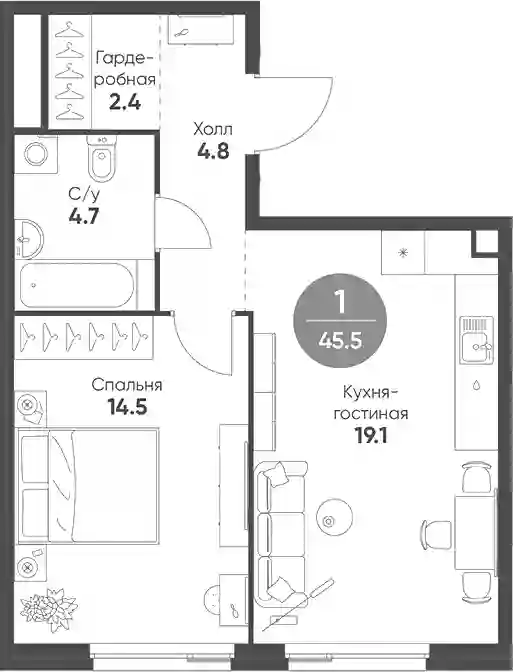 24 241 118 ₽2-к.квартира, 42.1 м², 2 эт.
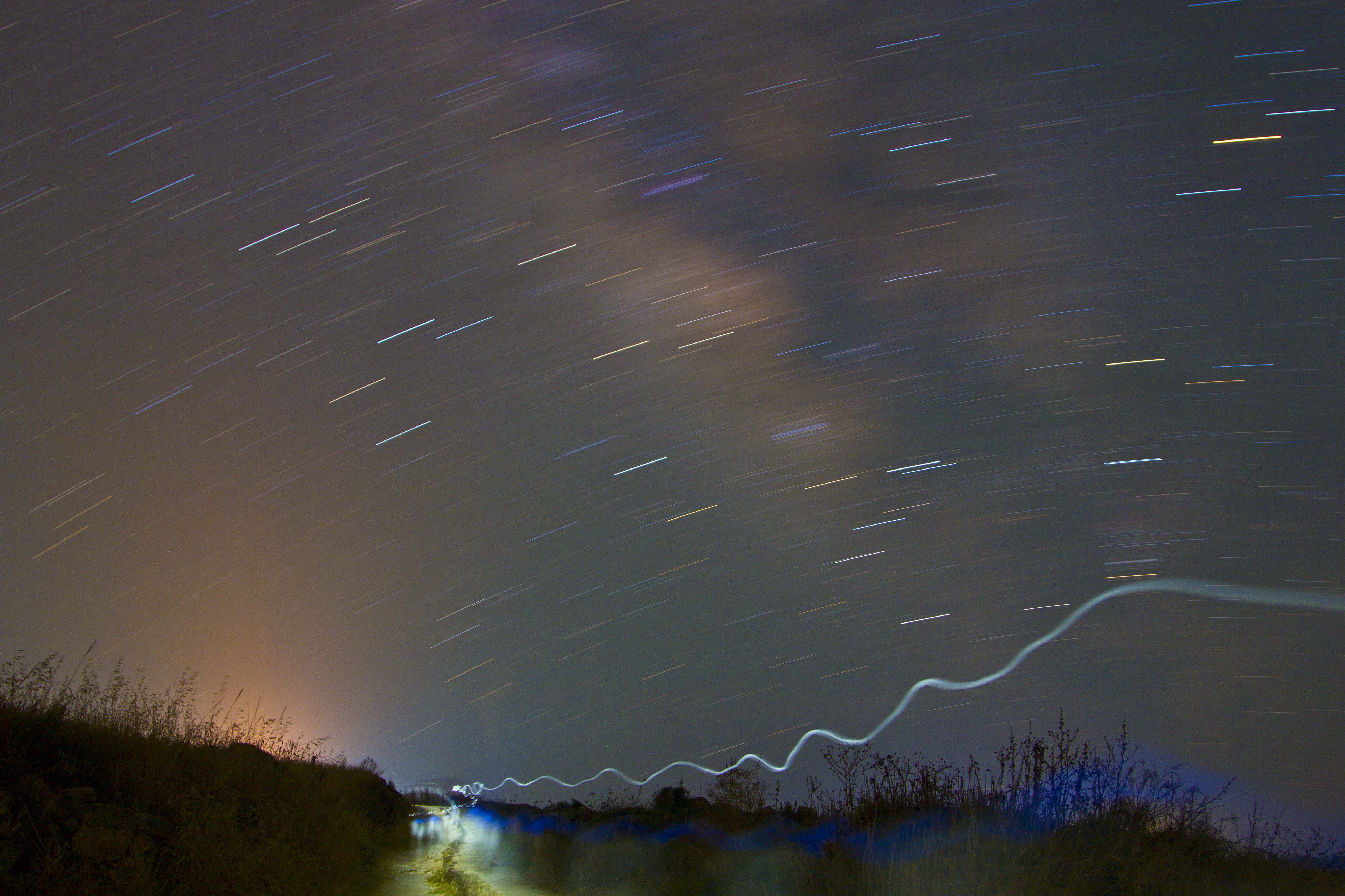 I took this picture while walking away from the camera for about 100m. I was holding a flashlight, but it was at my hip, and the only thing blue that I was wearing was my shirt, so I’m not really sure what the movement stripes correspond to on me. But, regardless, I like the shot.
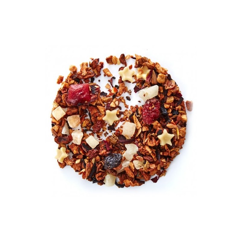 Apple (apple, citric acid), papaya, raisins, cranberries, el derberries, hibiscus blossoms, white chocolate (sugar, cocoa butter, milk powder, sunflower lecithin), stevia extract, natural cranberry and chocolate flavouring.
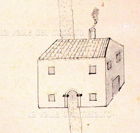 Mulino della Cerbara: casa del portinaro (mappa del sec. XVIII). Biblioteca Federiciana di Fano, Disegni, B -3- 96
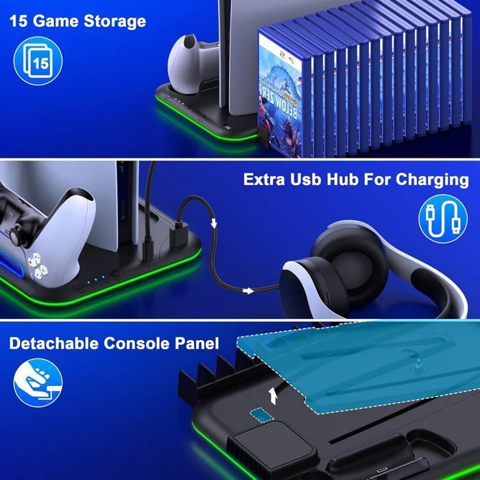 Merci de votre compréhension S'il vous plaît permettre 1 - 2cm différence de mesure en raison de la mesure manuelle., 1., Ventilateur de dissipation de chaleur avancé: ce ventilateur de dissipation de chaleur RGB est compatible avec ps5 Pro / ps5 slim et dispose de trois ventilateurs pour une dissipation de chaleur efficace. Spécifications: Modèles applicables: compatible avec ps5 Pro / ps5 Slim host lecteur optique version et version numérique Matériel: ABS Remarque: la couleur réelle de l'article peut être légèrement différente de l'image en raison des différents paramètres du moniteur et des conditions d'éclairage. Il garantit que votre console reste fraîche pendant le jeu intense, offrant une expérience transparente avec un minimum de bruit., 2., Système de refroidissement efficace: ce ventilateur est équipé d'un système de refroidissement efficace qui peut aider votre hôte à refroidir rapidement. Support de ventilateur de refroidissement pour Console PS5/PS5 Un système de refroidissement efficace garantit des performances optimales afin que vous puissiez profiter d'un jeu ininterrompu., 3., Ventilateur de refroidissement USB multifonctionnel: le ventilateur de refroidissement USB comprend un port USB externe qui vous permet de charger le Contrôleur ou de connecter d'autres périphériques USB. Avec trois puissants ventilateurs de refroidissement montés directement sur la sortie d'air de la console, notre ventilateur PS5 est la solution de dissipation thermique la plus puissante et la plus efficace pour garantir des performances optimales pour des sessions de jeu de longue durée Support de ventilateur de refroidissement pour Console PS5/PS5 Slim, refroidisseur Vertical avec lumière LED, chargeur double manette de jeu pour accessoire de refroidissement PS5 acheter à prix bas - livraison gratuite, avis Avec des ventilateurs silencieux à grande vitesse à 3 niveaux, il ventile efficacement l'air chaud de votre console, un refroidissement 388374420304 MODE...
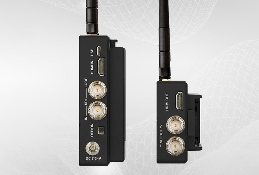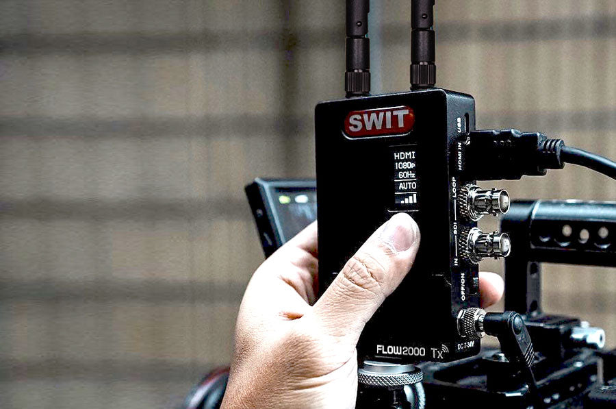 FLOW2000 wireless system is based on SWIT latest KUWI wireless technology, 5.1-5.9GHz license free bands, DFS comply, supports 3G/HD-SDI and HDMI (Max 1080p60) to transmit 2000 feet (600 meters) Line-of-Sight distance. The system is pure hardware connection, plug and play, which is widely used in director moni- toring, drone, ropeway camera, steadicam etc.
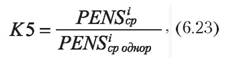5. Рівень ефективності впливу системи ІІ рівня на пенсії. Індикатор має відображати вплив пенсійних інвестицій на статки пенсіонерів. Індикатор є стимулятором. Обраховується як відношення середніх пенсій однорівневої та дворівневої систем:
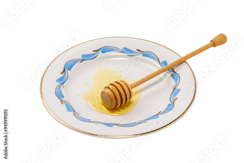 Beautiful plate with wooden spoon for honey isolated on transparent background.
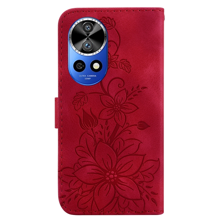 - 1x Funda de Cuero en Relieve para Huawei Nova 12 Pro Lily (Rojo)
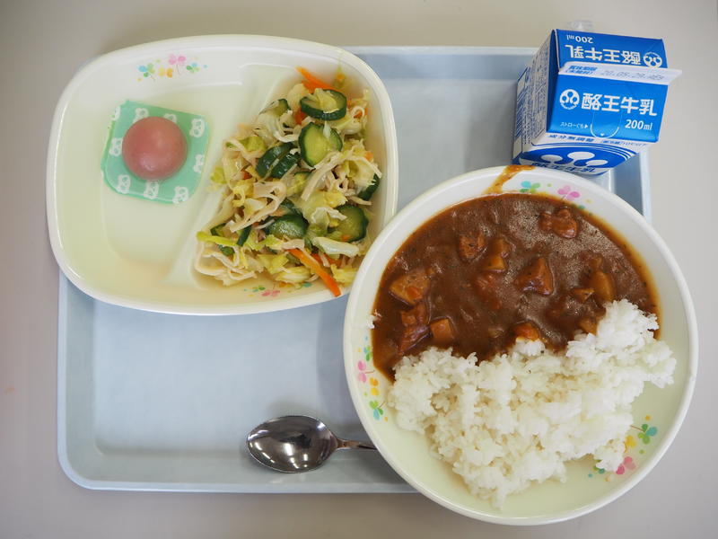 ポークカレーライス 牛乳 糸かまサラダ いちごゼリー
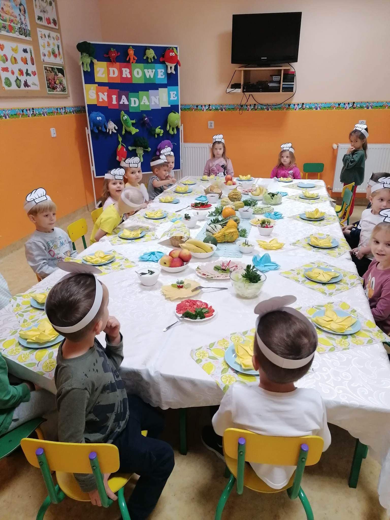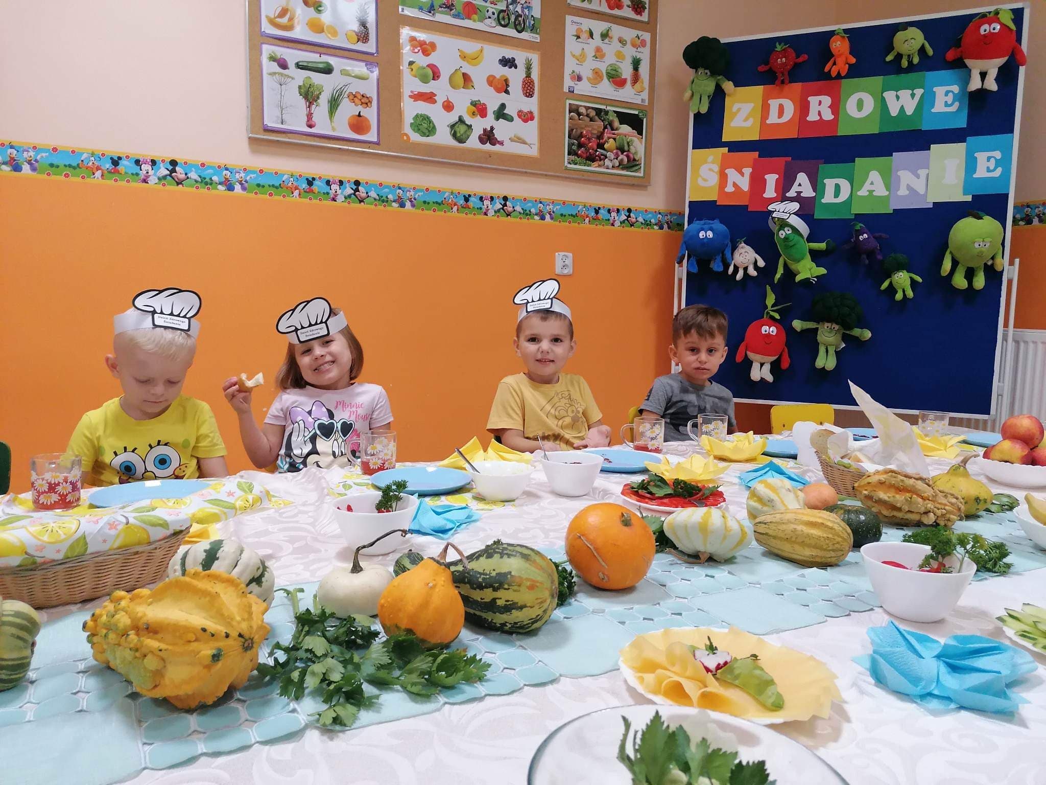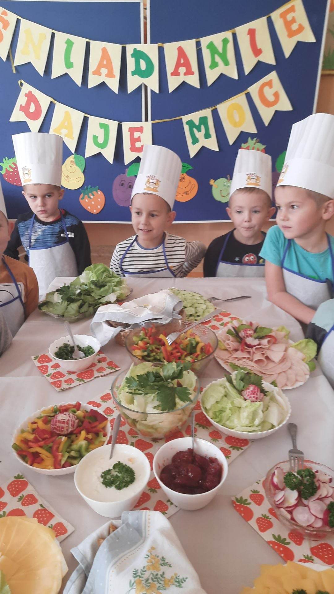 Nasze Przedszkole wzięło aktywny udział w akcji ” 8 listopada Dzień Zdrowego Śniadania” w ramach programu ” Śniadanie daje moc”. Wszystkie przedszkolaki zjedli wspólne śniadanie, na którym nie zabrakło warzyw i owoców, nabiału oraz wędlin, będących źródłem cennych witamin. Ten najważniejszy posiłek dnia dostarczył dzieciom sił do nauki i zabawy.
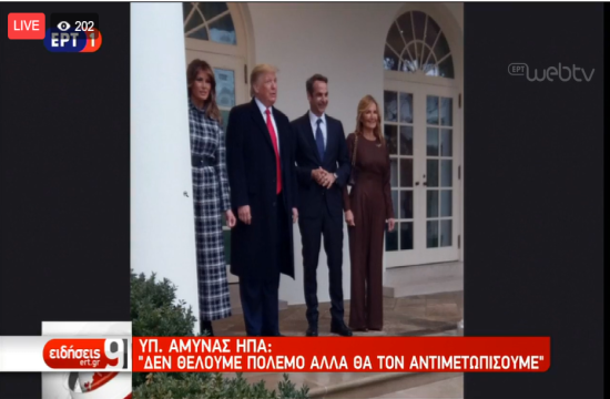 Greek Prime Minister and New Democracy leader Kyriakos Mitsotakis meets at the White House with US President Donald Trump seeking stronger support over Turkish provocations in the Aegean and East Mediterranean and against a deal Turkey made with Libya dividing the seas between them, claiming waters off Greek islands.
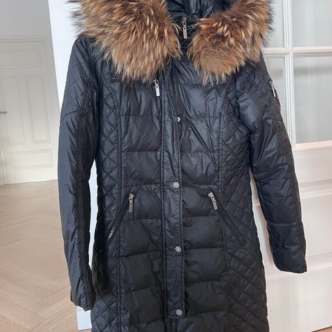 Lækker varm sort quilted Rockandblue Rock and Blue Ciara vinterjakke med pels. Pelsen kan lynes af. Lækre forede lommer og 2-vejs lynlås.
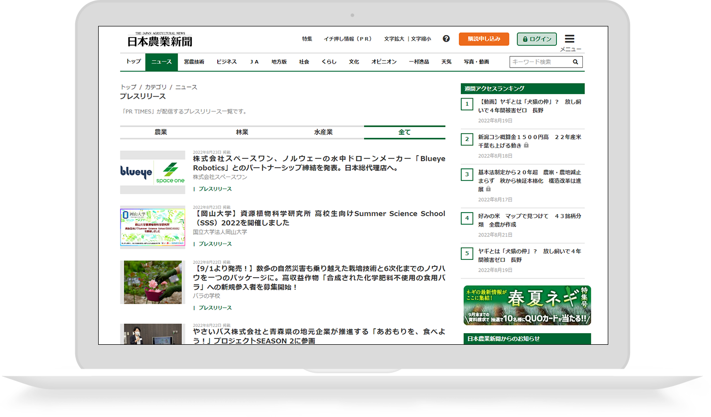 「日本農業新聞電子版」の読者にとっては、日本農業新聞に掲載されている記事コンテンツや電子版オリジナルコンテンツとともに、農業・林業・水産業界に関連するプレスリリースコンテンツをサイト上で閲覧できることにより利便性が高まることが期待されます。読者に関連業界に関する情報を網羅的に伝えようとする「日本農業新聞電子版」の媒体価値向上にもつながると考えています。
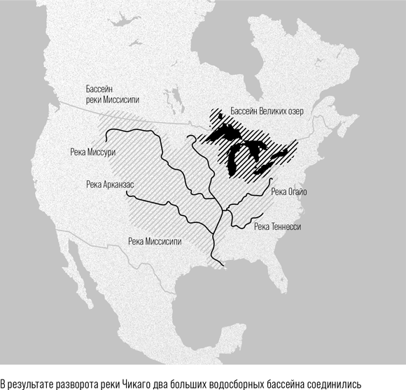 Эти два огромных бассейна находятся совсем рядом, но являются – вернее, являлись – отдельными водными мирами. Рыбы (а также моллюски и ракообразные) не могли перебраться из одной системы в другую. Когда был прорыт Чикагский санитарно-судовой канал, решивший проблему со сточными водами, открылся портал, и два водных царства соединились. На протяжении почти всего XX в. это никого не беспокоило; в наполненном сточными водами канале рыба просто не выживала. Но с принятием Закона о чистой воде и благодаря работе таких общественных организаций, как «Друзья реки Чикаго», условия в канале улучшились, и через него начали проникать рыбы типа бычков-кругляков.
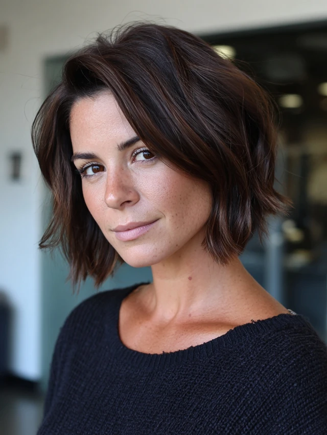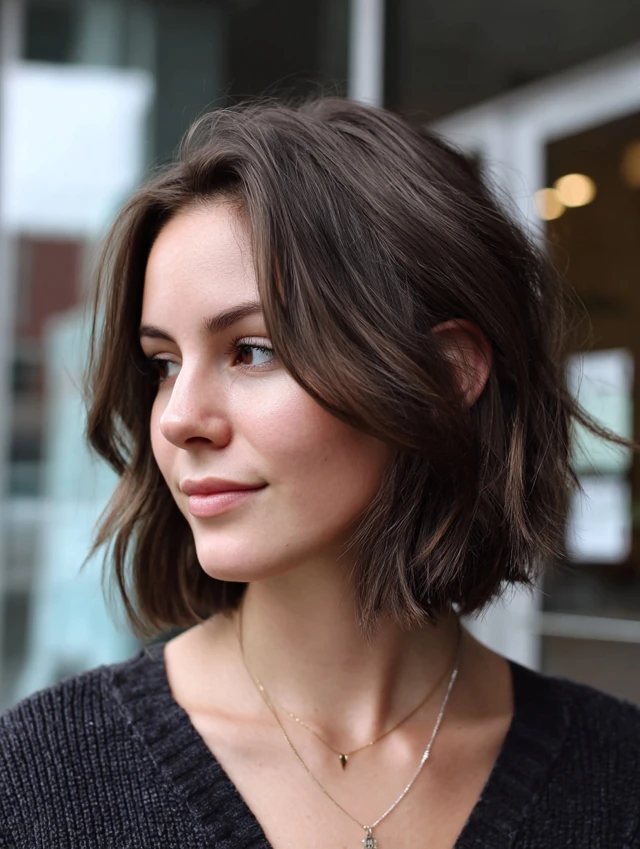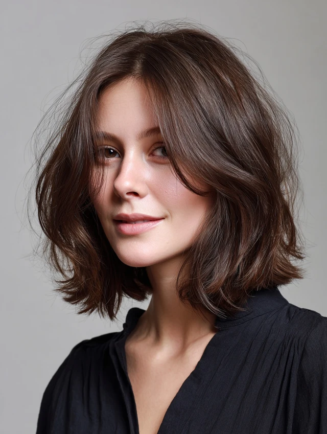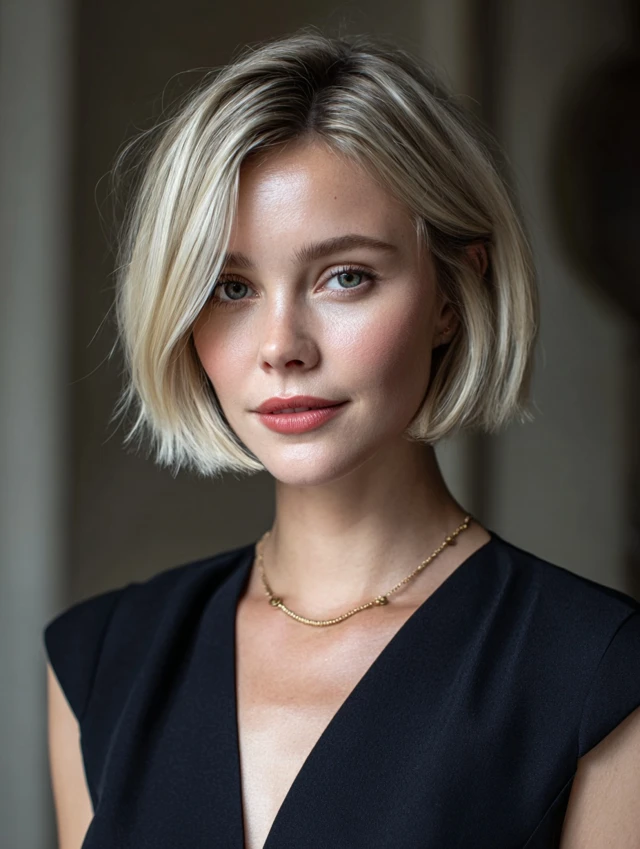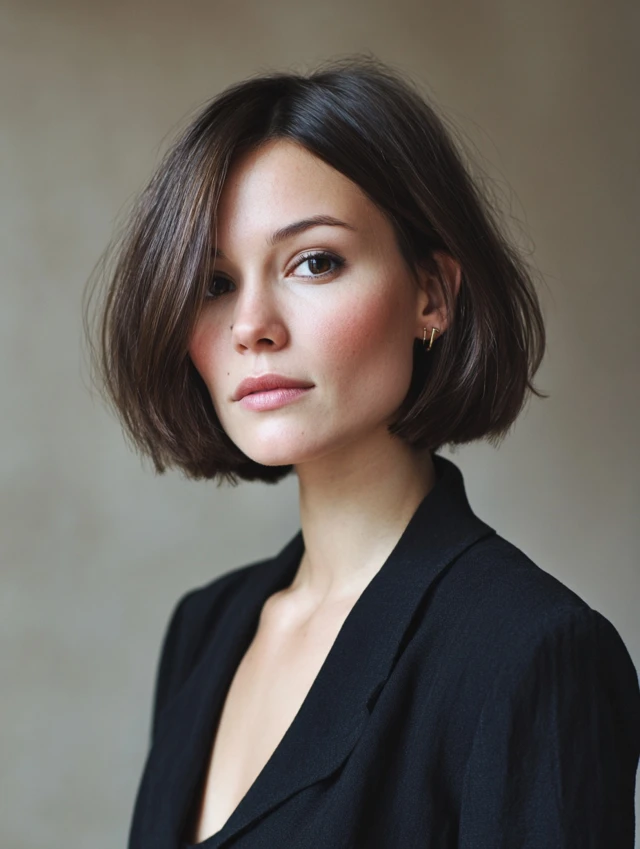 Why It Works: Subtle layering around the face adds softness while blunt ends give weight.
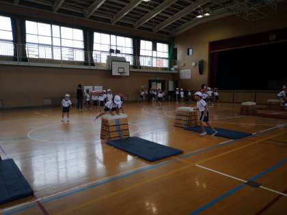 3段横→3段縦→4段横→4段縦→大きいとび箱4段横→4段縦と、段階を追って練習しています。
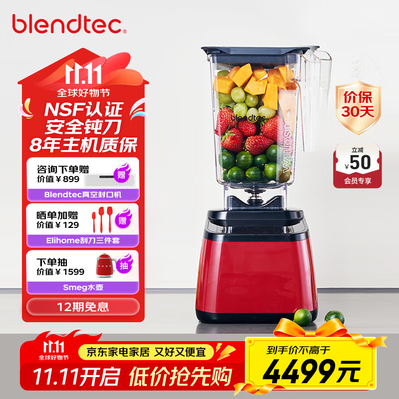 Blendtec柏兰德家用破壁机多功能料理机物理加热安全钝刀1560W大功率触控式按键650红色
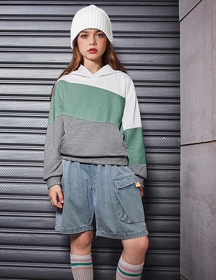 • Easy Match: Girls color block hoodies easily pair with various clothes. It looks great with jeans, sweatpants, jogging pants, boots, and sneakers, creating a chic land fashion look.
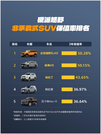 目前,BJ40全球用户总量已经突破30万。根据中国国际贸易促进委员会汽车行业分会汽车金融暨保值率研究委员会发布的“硬派越野非承载式SUV保值率排名”榜单,北京越野BJ40以50.28%的3年保值率强势登顶,进一步印证了其在产品力、用户口碑与长期价值层面的全面领先。
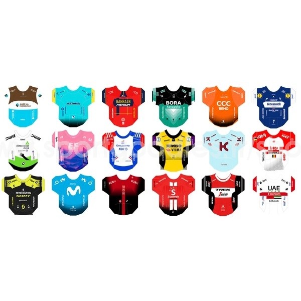 18 Stickers Equipes World Tour 2019 pour cyclistes 1/32

--

Activity:
From the listing above, repeat only the lines between the line containing "Greek Prime Minister" and the line containing "Lækker varm sort", those two included. Pictures are not part of the copy.

Output of the task:
 Greek Prime Minister and New Democracy leader Kyriakos Mitsotakis meets at the White House with US President Donald Trump seeking stronger support over Turkish provocations in the Aegean and East Mediterranean and against a deal Turkey made with Libya dividing the seas between them, claiming waters off Greek islands.
 Lækker varm sort quilted Rockandblue Rock and Blue Ciara vinterjakke med pels. Pelsen kan lynes af. Lækre forede lommer og 2-vejs lynlås.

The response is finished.